---
title: Leaderboard Viewer
emoji: 🚀
colorFrom: red
colorTo: red
sdk: docker
app_port: 8501
tags:
- streamlit
pinned: false
short_description: Streamlit template space
---

# Grounding Benchmark Leaderboard Viewer

A Streamlit application for visualizing model performance on grounding benchmarks.

## Features

- **Real-time Data**: Streams results directly from the HuggingFace leaderboard repository without local storage
- **Interactive Visualizations**: Bar charts comparing model performance across different metrics
- **Baseline Comparisons**: Shows baseline models (Qwen2-VL, UI-TARS) alongside evaluated models
- **Best Checkpoint Selection**: Automatically shows the best performing checkpoint for each model (marked with * if not the last checkpoint)
- **UI Type Breakdown**: 
  - For ScreenSpot-v2: Comprehensive charts showing Overall, Desktop, Web, and individual UI type performance
  - For other datasets: Desktop vs Web and Text vs Icon performance
- **Checkpoint Progression Analysis**: Visualize how metrics evolve during training
- **Model Details**: View training loss, checkpoint steps, and evaluation timestamps

## Installation

1. Clone or download this directory
2. Install dependencies:
   ```bash
   pip install -r requirements.txt
   ```

## Running the App

```bash
streamlit run src/streamlit_app.py
```

The app will open in your browser at `http://localhost:8501`

## Usage

1. **Select Dataset**: Use the sidebar to choose which benchmark dataset to view (e.g., screenspot-v2, screenspot-pro)

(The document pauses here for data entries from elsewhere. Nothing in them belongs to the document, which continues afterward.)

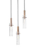 The hand-made glass cylinder is available as either a square or grid cut and the quadrangular steel base comes in Brushed Brass, Dark Copper and Gold finishes. The cluster includes a matching gold / copper / brass ceiling plate.
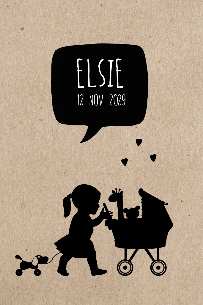 Kraft look geboortekaartje 2e kindje voor een jongen of meisje met een zusje die achter de kinderwagen loopt.
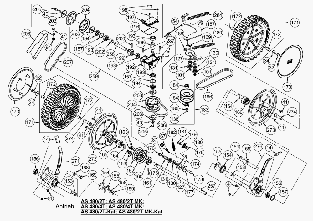 Hier finden Sie alle Ersatzteile von AS-Motor Profi-Rasenmäher AS 480/2T ab FNr. 018908050001 aus dem Zeichnungsblatt Antrieb:
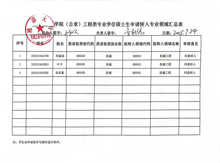 根据研究生院2025年9月16日《关于工程类专业学位硕士研究生专业领域调整的通知》(附件3)要求,在尊重绅士仓库 意愿的前提下,组织绅士仓库 按照《绅士仓库 工程类专业学位类别专业领域指导性目录》(附件1)选择拟调整领域,填写《绅士仓库 硕士专业学位研究生转入对应专业领域申请表》(附件2),并将审核通过后的调整专业领域绅士仓库 名单在本学院公示5日(详细名单请见下方截图)。公示期为2025年9月24日—9月28日(5个工作日)。如有异议,请于公示期内向本学院研究生工作办公室反馈,联系电话:0731-58292222。
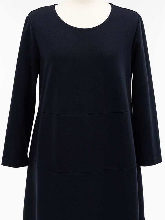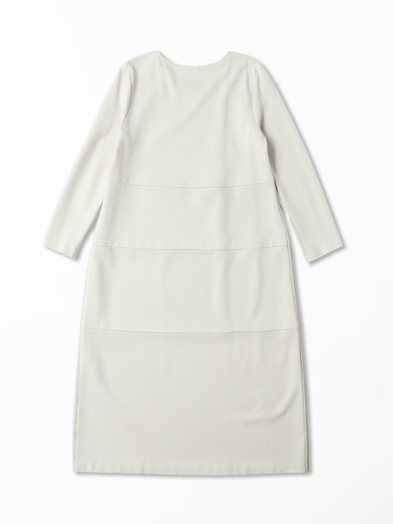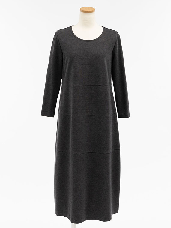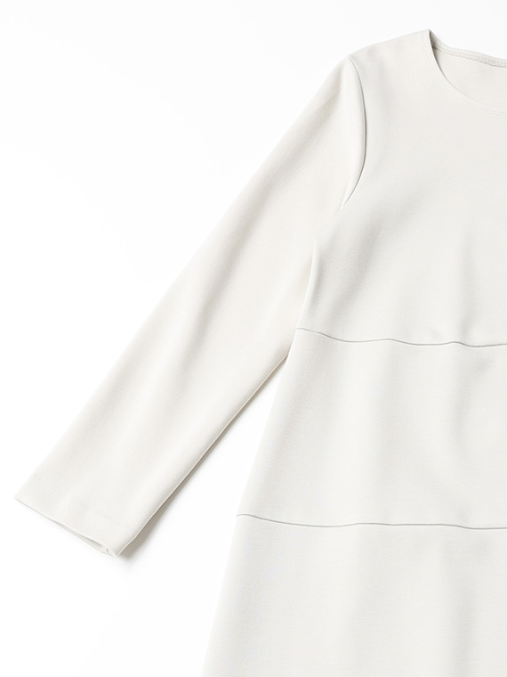 最初の切り替えをウエストよりも高い位置に入れることで、スタイルアップ効果を狙い、その下の三段の切り替えをあアクセントとして、裾に向かってAラインとコクーンラインの中間のような優美なシルエットで仕上げました。
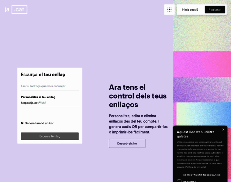 Retalla qualsevol enllaç i genera el seu codi QR de forma gratuïta, segura i en català. Perfecte per compartir a xarxes socials o campanyes. Tot a ja.cat!
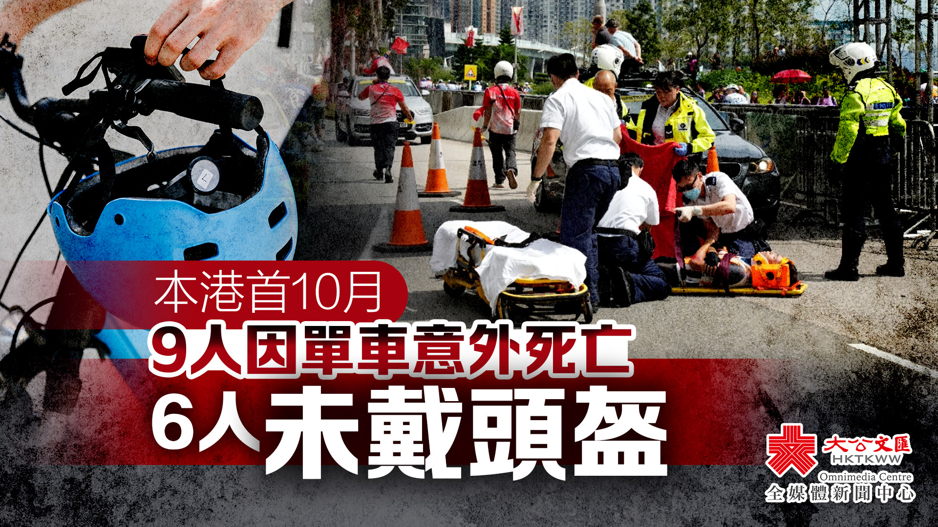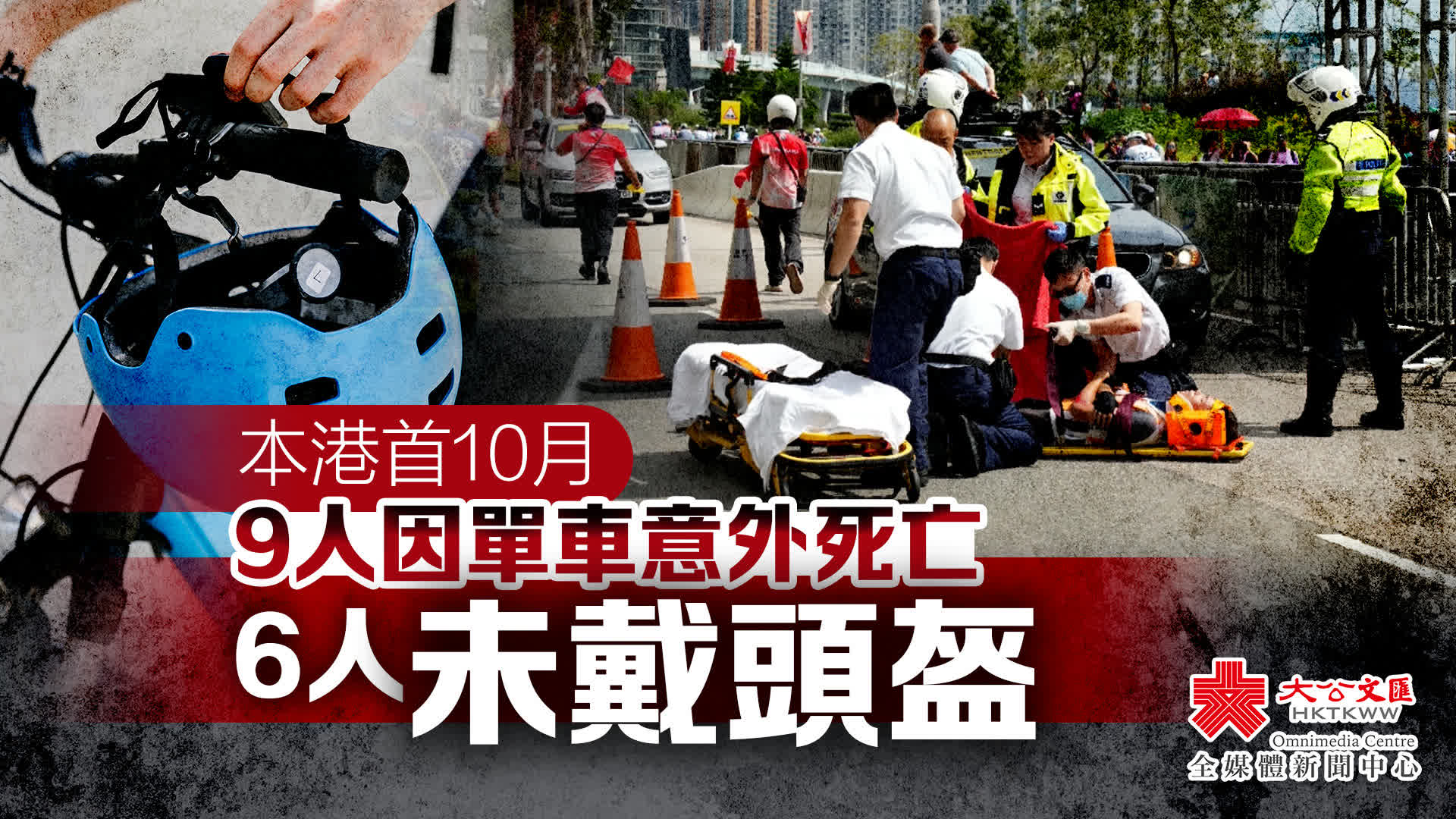 大公文匯全媒體報道,本港單車意外頻發。道路安全議會主席兼香港警務處副處長(行動)周一鳴今日(12月1日)出席道路安全嘉年華表示,本港首10月因單車意外死亡人數從去年的5人增加至今年的9人,其中4人屬於落斜時車輛失控,5人與其他車輛碰撞導致意外,當中有6名死者未有佩戴頭盔。
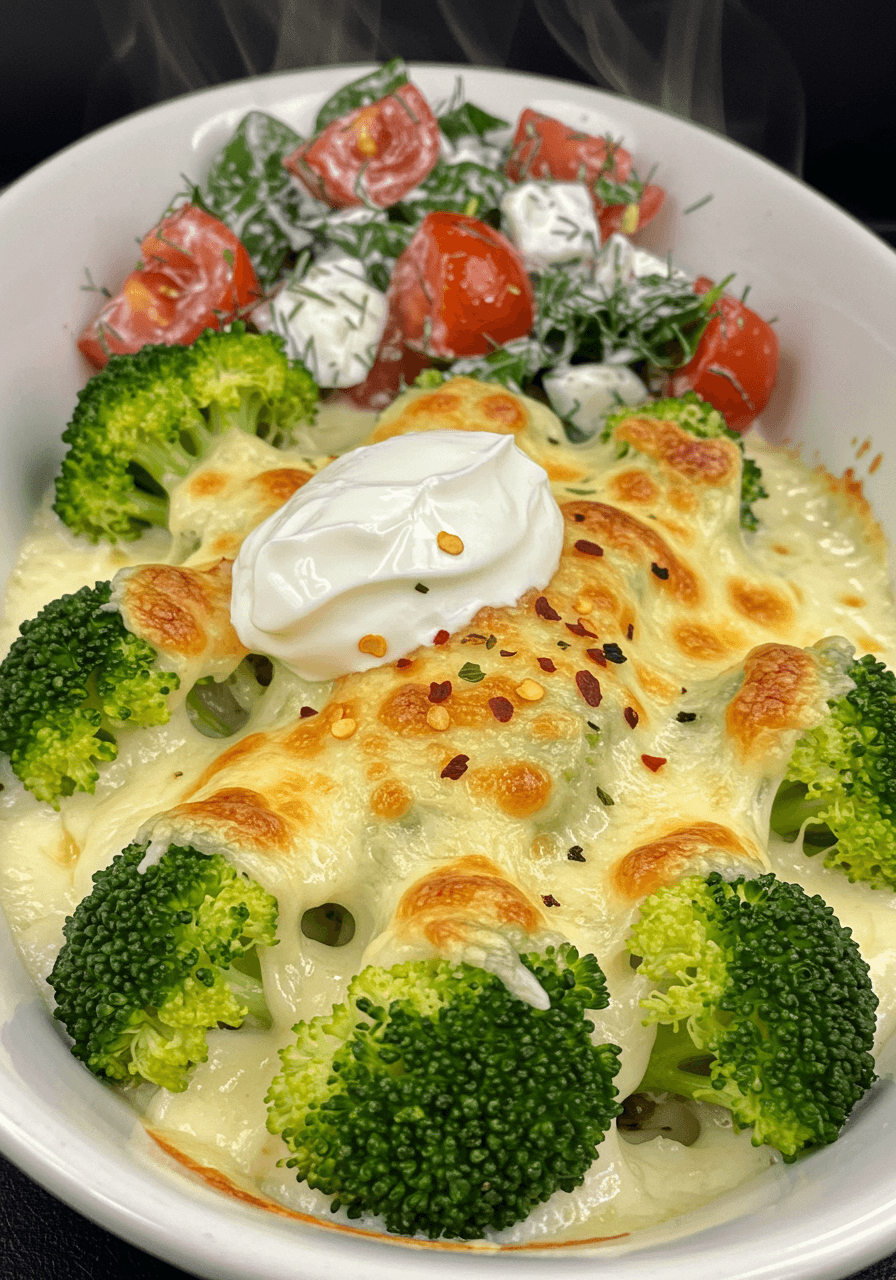 Deze Amerikaanse twist op een broccoli-kaasschotel combineert romige saus met knapperige groenten, perfect aangevuld met een frisse tomatensalade.
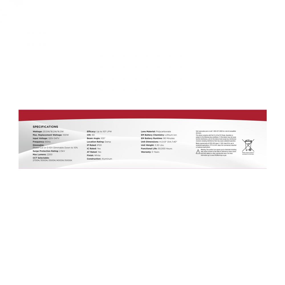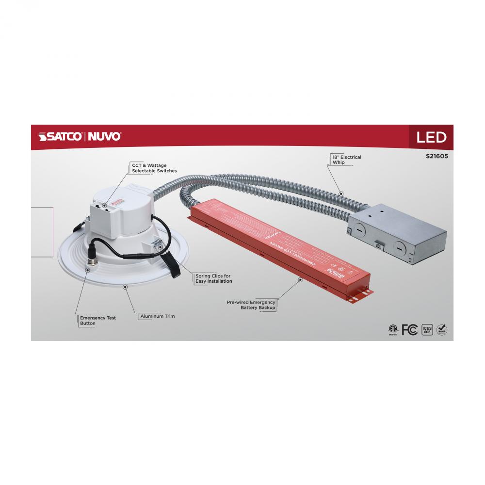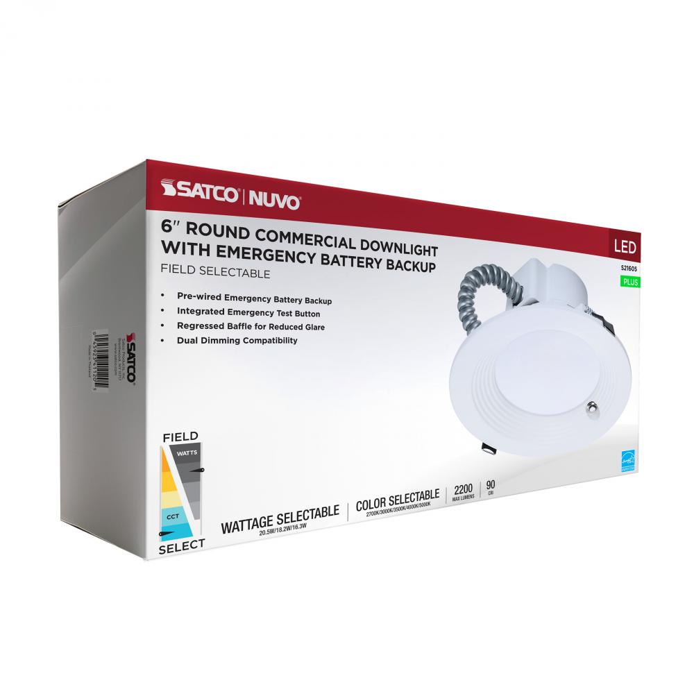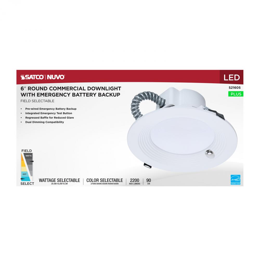 SATCO NUVO's Plus Series LED Commercial Downlight, S21605, with Emergency Battery Backup delivers exceptional performance and versatility for today's remodel or new construction commercial environments. This 6-inch round fixture features field-sele

2. **Filter Models**: Optionally filter to view a specific model or all models

3. **View Charts**: 
   - For ScreenSpot-v2:
     - Overall performance (average of desktop and web)
     - Desktop and Web averages
     - Individual UI type metrics: Desktop (Text), Desktop (Icon), Web (Text), Web (Icon)
     - Text and Icon averages across environments
   - Baseline model comparisons shown in orange
   - Models marked with * indicate the best checkpoint is not the last one

4. **Explore Details**: 
   - Expand "Model Details" to see training metadata
   - Expand "Detailed UI Type Breakdown" for a comprehensive table
   - Expand "Checkpoint Progression Analysis" to:
     - View accuracy progression over training steps
     - See the relationship between training loss and accuracy
     - Compare performance across checkpoints

## Data Source

The app streams data directly from the HuggingFace dataset repository:
- Repository: `mlfoundations-cua-dev/leaderboard`
- Path: `grounding/[dataset_name]/[model_results].json`

## Streaming Approach

To minimize local storage requirements, the app:
- Streams JSON files directly from HuggingFace Hub
- Extracts only the necessary data for visualization
- Discards the full JSON after processing
- Caches the extracted data in memory for 5 minutes

## Supported Datasets

- **ScreenSpot-v2**: Web and desktop UI element grounding (with special handling for desktop/web averaging)
- **ScreenSpot-Pro**: Professional UI grounding benchmark
- **ShowdownClicks**: Click prediction benchmark
- And more as they are added to the leaderboard

## Baseline Models

The dashboard includes baseline performance from established models:

### ScreenSpot-v2 Baselines
- **Qwen2-VL-7B**: 38.0% overall
- **UI-TARS-2B**: 82.8% overall
- **UI-TARS-7B**: 92.2% overall
- **UI-TARS-72B**: 88.3% overall

### ScreenSpot-Pro Baselines
- **Qwen2.5-VL-3B-Instruct**: 16.1% overall
- **Qwen2.5-VL-7B-Instruct**: 26.8% overall
- **Qwen2.5-VL-72B-Instruct**: 53.3% overall
- **UI-TARS-2B**: 27.7% overall
- **UI-TARS-7B**: 35.7% overall
- **UI-TARS-72B**: 38.1% overall

### ShowDown-Clicks Baselines
- **Qwen2.5-VL-72B-Instruct**: 24.8% overall
- **UI-TARS-72B-SFT**: 54.4% overall
- **Molmo-72B-0924**: 54.8% overall

## Checkpoint Handling

- The app automatically identifies the best performing checkpoint for each model
- If multiple checkpoints exist, only the best one is shown in the main charts
- An asterisk (*) indicates when the best checkpoint is not the last one
- Use the "Checkpoint Progression Analysis" to explore all checkpoints

## Caching

Results are cached in memory for 5 minutes to improve performance. The cache automatically refreshes to show new evaluation results.